We first validate MaxRL where exact maximum likelihood (cross-entropy) is computable. Image classification provides a clean testbed: reward is 1 if predicted class matches ground truth, 0 otherwise. When direct maximum-likelihood optimization is available, MaxRL converges to it as sampling compute increases.
ImageNet training dynamics. With sufficient rollouts, MaxRL closely matches cross-entropy training, while REINFORCE fails to make progress from low initial pass rates.
🚀 Takeaway 2: MaxRL scales better with additional compute in the infinite data regime.
We study training with continually fresh data using procedurally generated mazes. Each training input is newly generated, and the model never encounters the same maze twice. In a data-rich training regime, MaxRL scales more favorably with additional compute compared to existing methods.

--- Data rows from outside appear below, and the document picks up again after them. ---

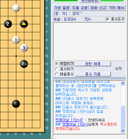 [±×¸²23] ¸ðµç »ç¼®À» Ŭ¸¯ ÈÄ ÁöÁ¤ ¸¶Ä§ ¹öưÀ» Ŭ¸¯ÇÕ´Ï´Ù. ºòÀÌ ÀÖ´Â °÷Àº ±×¸²23°ú °°ÀÌ °ø¹è¸¦ ¸¶¿ì½º·Î Ŭ¸¯ÇÏ¸é »¡°£»öÀ¸·Î Ç¥½Ã°¡ µË´Ï´Ù. [±×¸²24] »ó´ë¹æÀÌ ÁöÁ¤ÇÑ »ç¼®À» È®ÀÎ ÈÄ ¿Ã¹Ù¸£°Ô »ç¼®ÁöÁ¤ÀÌ µÈ °æ¿ì¿¡´Â ¼ö¶ôÀ» ÇÕ´Ï´Ù. »ç¼®ÁöÁ¤ °á°ú·Î Áý¼ö°¡ °è»êµÇ¾îÁ® Ç¥½ÃµË´Ï´Ù. ¿Ã¹Ù¸¥ °á°ú°¡ ³ª¿ÔÀ» °æ¿ì¿¡ ¡®È®ÀΡ¯ ¹öưÀ» Ŭ¸¯ÇÕ´Ï´Ù. °è°¡°á°ú°¡ ÀÌ»óÇÒ °æ¿ì¿¡´Â Ãë¼ÒÇÏ°í »ç¼®ÁöÁ¤ »óŸ¦ ´Ù½Ã È®ÀÎÇØº¾´Ï´Ù. Èæ, ¹éÀÇ »ç¼®ÁöÁ¤°ú µ¿ÀÇ °úÁ¤À» °ÅÄ£ ÈÄ ½ÂÆÐ°á°ú ¸Þ¼¼Áö°¡ ³ª¿À°Ô µË´Ï´Ù.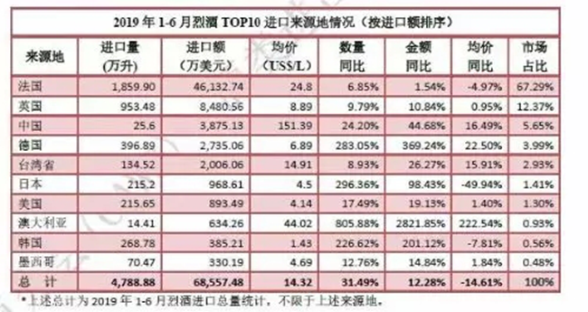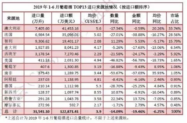 • 2019上半年進口烈酒增幅明顯 智利躍居葡萄酒進口量第一位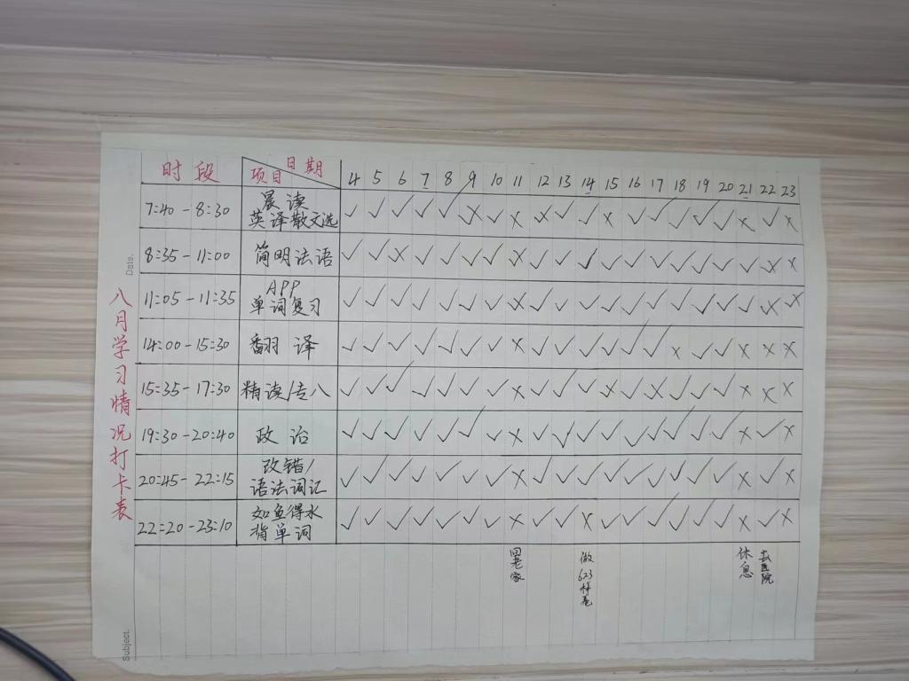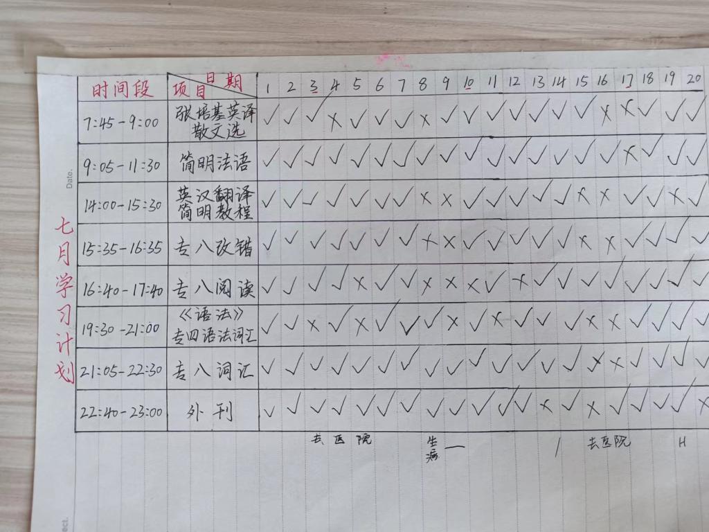 回顾我整个备考历程,大大小小的困难和坎坷不胜枚举。其中有两个时期是比较煎熬的。暑假期间,父亲生病,我一边照顾父亲一边备考,去医院的路上听英语听力,在父亲的病床边背单词或看学习视频,期间自己也得了场病,连续打了六天的点滴,也是一手插着针管,一手拿手机背单词。10月,受疫情影响,学校静态管理,我调整原有的计划,充分利用现有的复习资料以及班主任Rena在网上给我找来许多广外的备考资料,在宿舍楼自习室、楼道、宿舍继续复习,我知道绝对不能让复习中断或受到过多的影响。当时我并不觉得这些算得上什么大困难,因为我本来心态就比较稳,几年的自律生活也极大的锻炼了我的抗压能力,除了复习也没其他念想。所以,我当时就把这些小插曲当作生活对我的考验、是求学之路对我意志的测试,我的战斗欲也成功地被燃起。

Example maze: successful navigation (left) vs. failure case (right).
Scaling behavior with increasing rollouts per prompt. MaxRL consistently outperforms GRPO, which outperforms RLOO.
🛡️ Takeaway 3: MaxRL is more resistant to overfitting.
In the data-scarce regime, models train for many epochs over a fixed dataset. This exposes differences in how objectives allocate learning signal under repeated training. MaxRL can sustain improvement over a large number of epochs, demonstrating less pass@k degradation (overfitting) and converging to a higher average performance.
Training dynamics on GSM8K. MaxRL shows slower initial gains but sustained improvement, with substantially less pass@k degradation.
🧠 Takeaway 4: MaxRL's benefits transfer to larger scale mathematical reasoning.
We train Qwen3-1.7B-Base and Qwen3-4B-Base models on POLARIS-53K (~50K math reasoning prompts), and evaluate on AIME 2025, BeyondAIME, MATH-500, and Minerva. On larger scale mathematical reasoning, MaxRL Pareto-dominates GRPO and shows little to no diversity degradation with respect to the base model.
Evaluation on math benchmarks. MaxRL consistently Pareto dominates GRPO: similar or better pass@1 and improved pass@k. Improved coverage means achieving the same pass@k requires 2.3× – 19.2× fewer samples than GRPO.
⚡ Takeaway 5: MaxRL shows characteristically different optimization dynamics.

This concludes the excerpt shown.